DD - I won't speak for fa, but I think there is a time and place for meeting regularly, or, at minimum having a way to check in regularly if folks are living communally. The frequency, degree and intensity is gonna vary, which I think is what you are getting at. The most intentionally communal living situation I ever lived in we met every other week for an hour. It was boring, but it was helpful in terms of the concept of "seen face": we were showing up together in a manner that was agreed on to be part of that group. Beyond a household, I'vbe always seen this model break down when it is overly formalized.
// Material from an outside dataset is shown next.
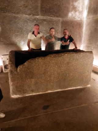 「大回廊」に出ると、視界が広がり、一息つきます。高さ8.5mの空間です。そこを過ぎると終点の「王の間」。端の方に、映像や写真で何度も見てきた石棺が置かれていました
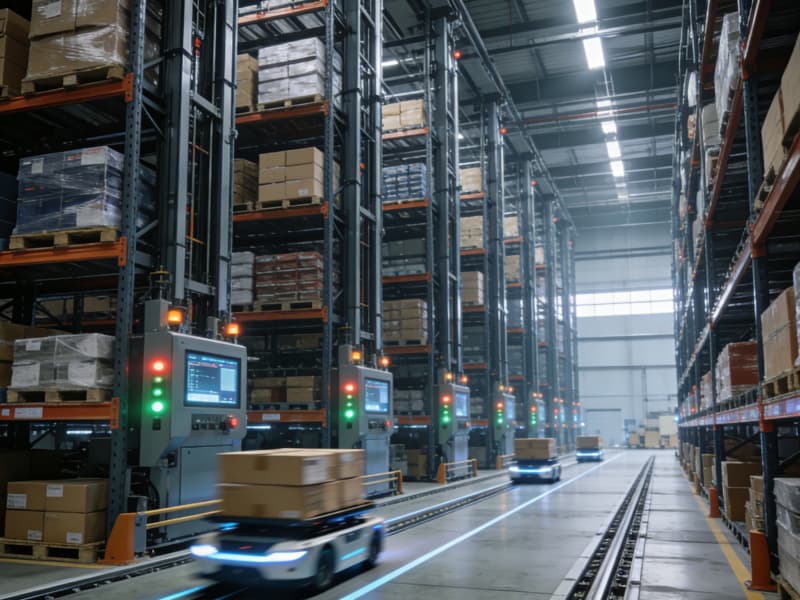 倉儲區(qū)運用自動化的立體貨架,通過物聯(lián)網(wǎng)系統(tǒng)實現(xiàn)精準(zhǔn)庫存管理。智能運輸小車在劃定的軌道上穿梭,高效完成貨物搬運。

People skip meetings, and that leads to other people deciding to skip meetings, and pretty soon almost everyone doesn't want to deal with a meeting, because meetings suck.
On the other hand, when I did Food Not Bombs (a looooooonnnnggg time ago), we had formal meetings, but we also had weekly dishwashing parties after the dinner where a lot of us had a chance to check in and talk about shit, which helped the social cohesion. It was never a formal thing, and there wasn't an invite list (there was an uninvited list, but that was mostly about the wingnuts that projects like FNB attract).
The upshot of the regular check in is that for a very small and intentional group, it maintains cohesion. It wouldn't need to be a meeting, maybe it is a dinner, with or without prayer (my vote, my prayer, would be without), or another sort of regularly occurring event where folks can intentionally share space. The downside is that obligatory meetings suck, and even when it isn't a meeting, having it be regular and obligatory sucks at least some of the joy out of the experience. Plus, the larger the social grouping, the less enforceable (sp?), and while communal living situations are nice, they don't exactly constitute a full community, as I would understand that term.
On the other hand, less formal check-ins (ala my FNB experience), tend to become increasingly exclusive. As an increasingly coherent, but unofficial, ingroup forms, it is really easy to fall in to quasi-vanguardist organizational models, which are both anti-community, and manifest from a much more intense common cause.
I honestly think the answer (and it will never be a perfect answer) lays somewhere between these, using both or one or none as is appropriate. I'd love to tell you I know the right formula, but I haven't figured it out, and even if I had, the right formula for my circumstances isn't that same as yours might be. If you want to have regular community meetings, do it. I am not coming all (or maybe even most) of the time. Also, if you want to claim community without some sort of horizontal means of communicating and airing concerns, needs, and grievances, I am not gonna be a part of that project.